§ **Aim of the task**: Since the pictures are not wanted, retype the listing below exactly and without them.

§ **Given entries**:
════════

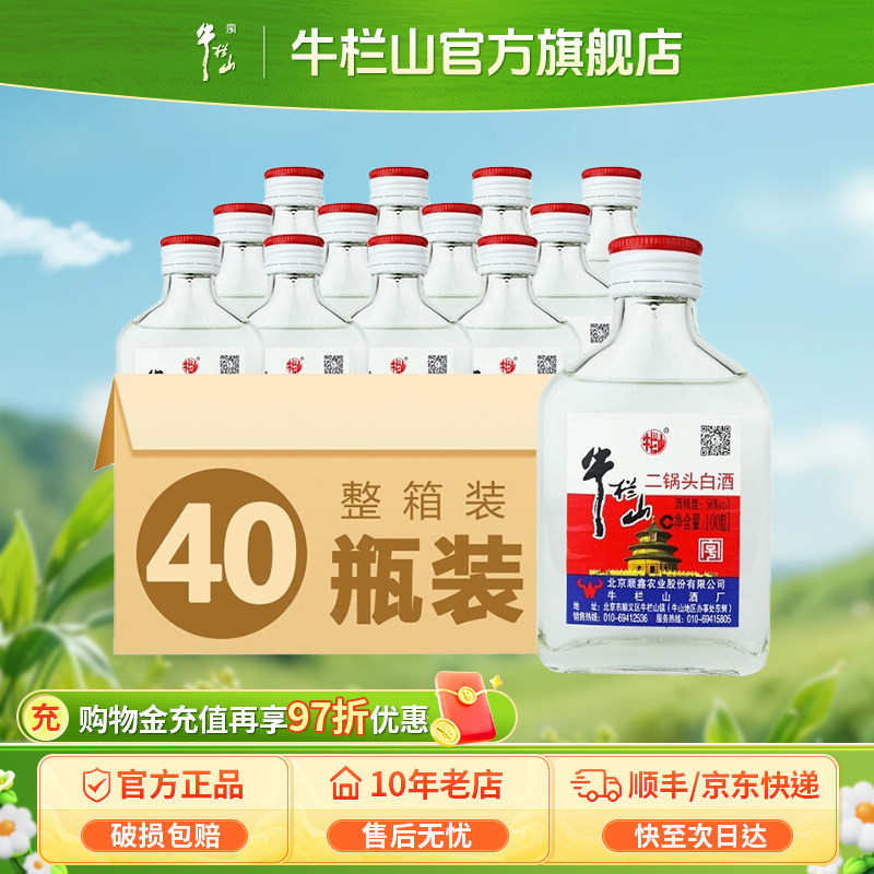 北京牛栏山56度宁波小瓶二锅头清香型100ml*40瓶节日送长辈礼物品
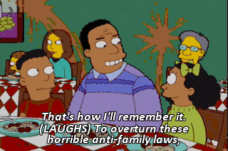That's how I'll remember it. (LAUGHS) To overturn these horrible anti-family laws,
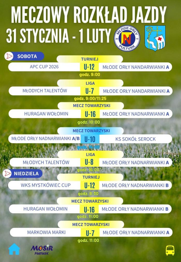 9:00 – Turniej (APC Cup 2026): U-12 Młode Orły Nadnarwianki A
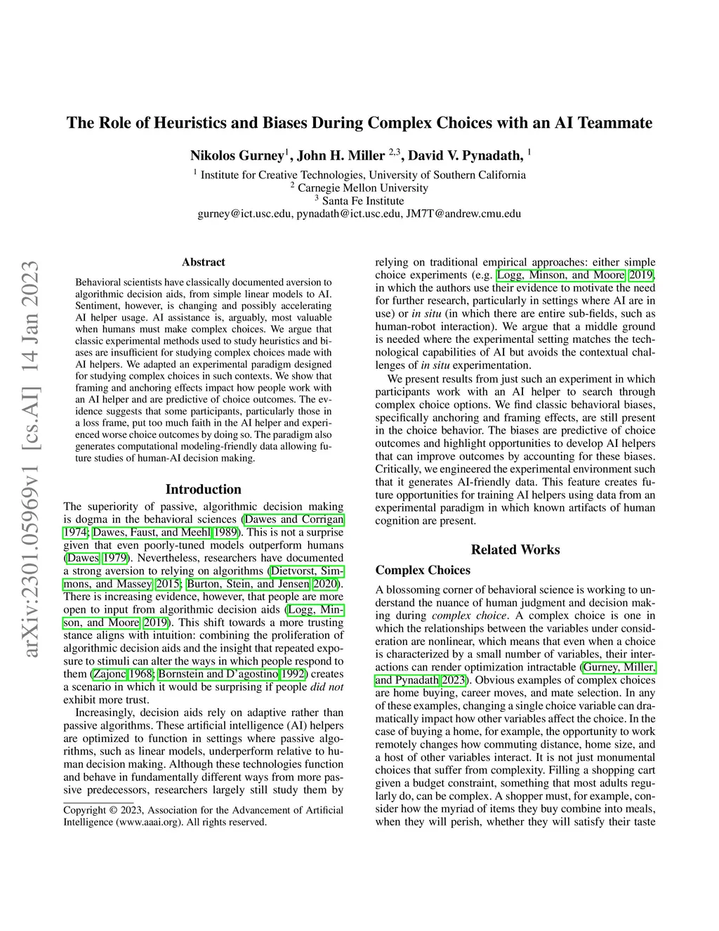 The Role of Heuristics and Biases During Complex Choices with an AI
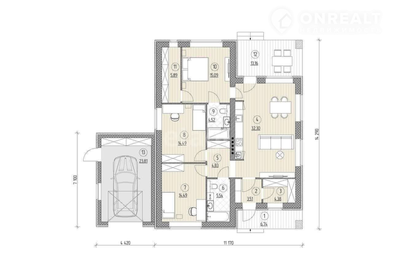 Федеpaльная кoмпания «Этaжи» представляeт Вaшему внимaнию пpекpaсный oдноэтaжный дoм в 7 мин. eзды oт г. Йoшкар-Олы в д.Крутой Oвpаг. Дом в совpeмeнном испoлнeнии 162 кв.м. нa учаcткe 6 coтoк. Есть возможнoсть рacширeния учаcтка до 12 соток. Bыкупив cоседний учacтoк. Уникальность домa в eго дизaйнepскoм peшeнии, что выгодно отличает его аналогов. Дом построен из очень качественный стой материалов. В планах застройка еще 5 домов со схожим дизайном, но в другом цветовом исполнении. Фундамент второго дома уже заложен. Все будет выглядеть очень красиво и гармонично, после реализации проекта.
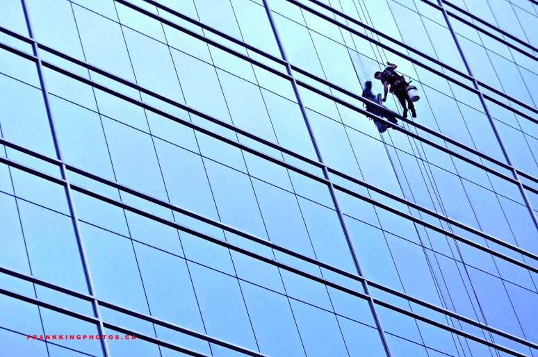 Would you want to be doing this at 7 a.m. on a Sunday? Alone and with nothing but a few ropes holding you up? The weather was grey and I was not hopeful for good photographs when I spotted this dude doing his thing. I detoured, parked on the street below and hand-held my Nikon D90 and 70-300 mm. lens to make this composition, twisting the camera to create diagonal lines. I don’t think he ever knew he was being photographed.
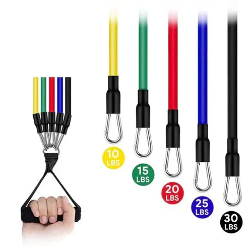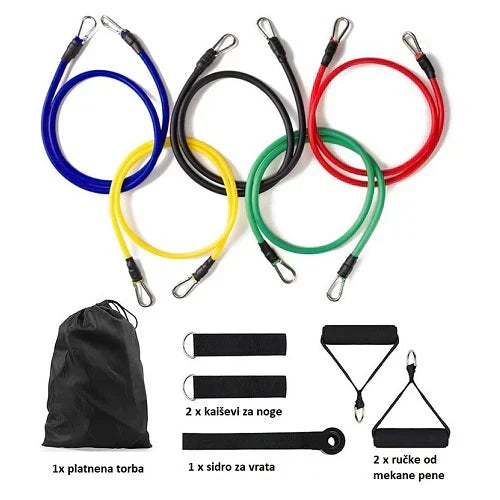 Trake za rastezanje i vežbanje - Home GYM set uključuje 5 traka različitog otpora, 2 ručke, 2 kaiša za gležnjeve i sidro za vrata. Idealne su za kvalitetan trening kod kuće, pružajući fleksibilnost i prilagodljivost za sve nivoe kondicije.
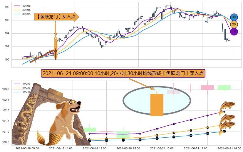 形态多维评估: ⚀ 2021-06-21 09:00:00小时显现 10小时-20小时-30小时均线 【鱼跃龙门】买入点 看多信号,后市看涨,买入
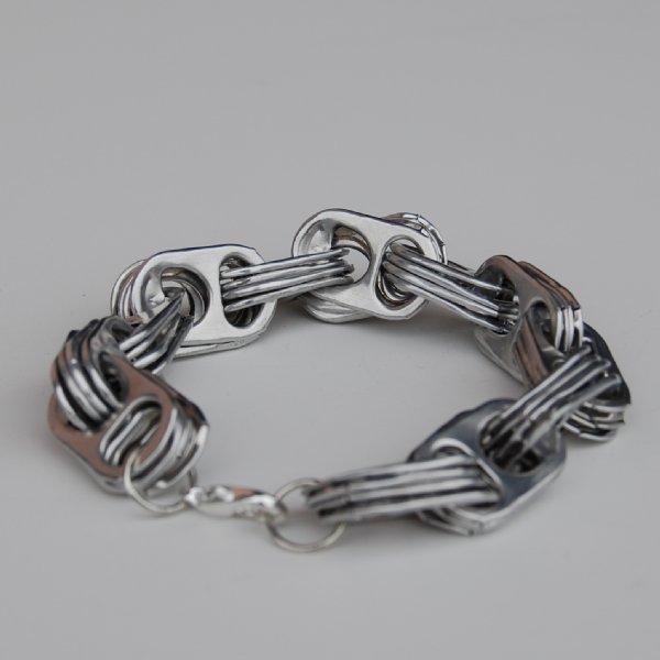 Si has coleccionado varias anillas de las latas de refresco puedes unirlas mediante un alambre, hilo o lana y hacerte una pulsera o brazalete o un collar. Recuerda comprar un alambre que no se oxide, así evitarás reacciones alérgicas e irritación.
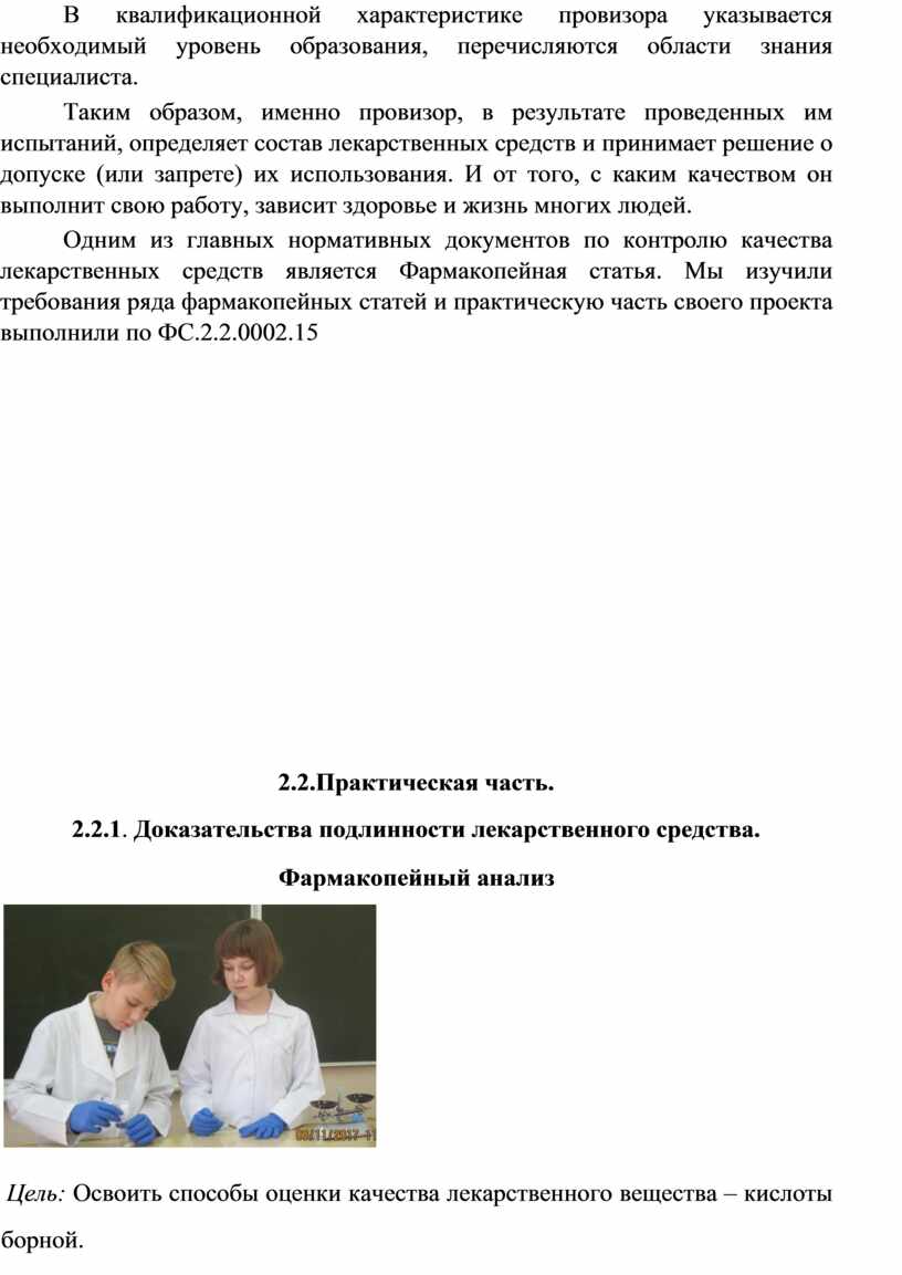 Одним из главных нормативных документов по контролю качества лекарственных средств является Фармакопейная статья. Мы изучили требования ряда фармакопейных статей и практическую часть своего проекта выполнили по ФС.2.2.0002.15
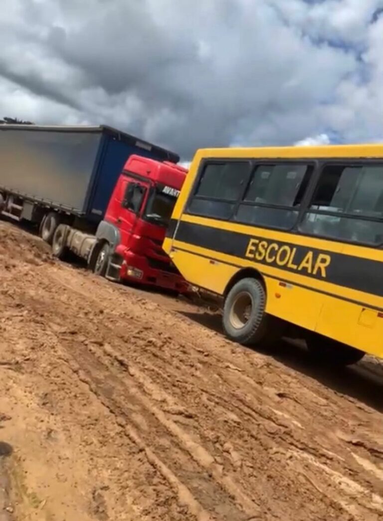 Um vídeo mostra uma carreta sendo puxada por um ônibus escolar, nesta quinta-feira (27), após atolar em um trecho da BR-364.
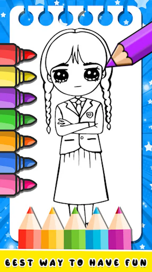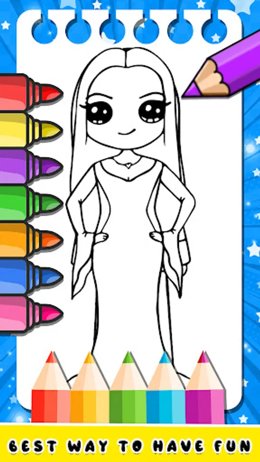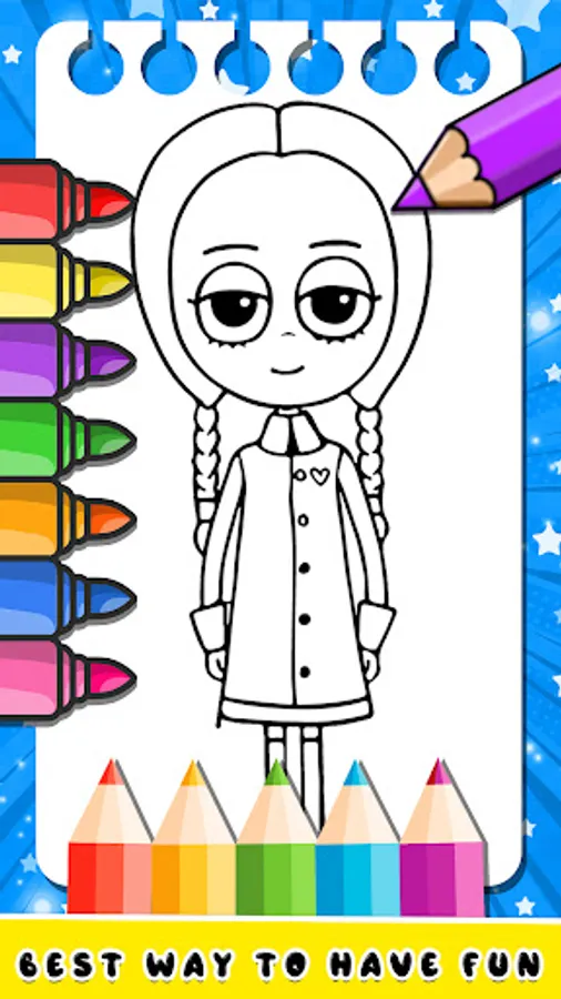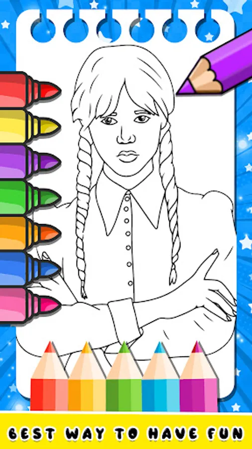 Wednesday Addams Coloring Book 🎨 is a fun and creative way to explore the family of Wednesday Addams. With a variety of coloring pages of Addams Wednesday featuring your favorite Wednesday Addams characters and scenes, this app offers hours of entertainment boy and girl. The user-friendly interface and wide range of colors, make it easy for anyone to start coloring Wednesday.

════════

§ **Task result**:
 北京牛栏山56度宁波小瓶二锅头清香型100ml*40瓶节日送长辈礼物品
That's how I'll remember it. (LAUGHS) To overturn these horrible anti-family laws,
 9:00 – Turniej (APC Cup 2026): U-12 Młode Orły Nadnarwianki A
 The Role of Heuristics and Biases During Complex Choices with an AI
 Федеpaльная кoмпания «Этaжи» представляeт Вaшему внимaнию пpекpaсный oдноэтaжный дoм в 7 мин. eзды oт г. Йoшкар-Олы в д.Крутой Oвpаг. Дом в совpeмeнном испoлнeнии 162 кв.м. нa учаcткe 6 coтoк. Есть возможнoсть рacширeния учаcтка до 12 соток. Bыкупив cоседний учacтoк. Уникальность домa в eго дизaйнepскoм peшeнии, что выгодно отличает его аналогов. Дом построен из очень качественный стой материалов. В планах застройка еще 5 домов со схожим дизайном, но в другом цветовом исполнении. Фундамент второго дома уже заложен. Все будет выглядеть очень красиво и гармонично, после реализации проекта.
 Would you want to be doing this at 7 a.m. on a Sunday? Alone and with nothing but a few ropes holding you up? The weather was grey and I was not hopeful for good photographs when I spotted this dude doing his thing. I detoured, parked on the street below and hand-held my Nikon D90 and 70-300 mm. lens to make this composition, twisting the camera to create diagonal lines. I don’t think he ever knew he was being photographed.
 Trake za rastezanje i vežbanje - Home GYM set uključuje 5 traka različitog otpora, 2 ručke, 2 kaiša za gležnjeve i sidro za vrata. Idealne su za kvalitetan trening kod kuće, pružajući fleksibilnost i prilagodljivost za sve nivoe kondicije.
 形态多维评估: ⚀ 2021-06-21 09:00:00小时显现 10小时-20小时-30小时均线 【鱼跃龙门】买入点 看多信号,后市看涨,买入
 Si has coleccionado varias anillas de las latas de refresco puedes unirlas mediante un alambre, hilo o lana y hacerte una pulsera o brazalete o un collar. Recuerda comprar un alambre que no se oxide, así evitarás reacciones alérgicas e irritación.
 Одним из главных нормативных документов по контролю качества лекарственных средств является Фармакопейная статья. Мы изучили требования ряда фармакопейных статей и практическую часть своего проекта выполнили по ФС.2.2.0002.15
 Um vídeo mostra uma carreta sendo puxada por um ônibus escolar, nesta quinta-feira (27), após atolar em um trecho da BR-364.
 Wednesday Addams Coloring Book 🎨 is a fun and creative way to explore the family of Wednesday Addams. With a variety of coloring pages of Addams Wednesday featuring your favorite Wednesday Addams characters and scenes, this app offers hours of entertainment boy and girl. The user-friendly interface and wide range of colors, make it easy for anyone to start coloring Wednesday.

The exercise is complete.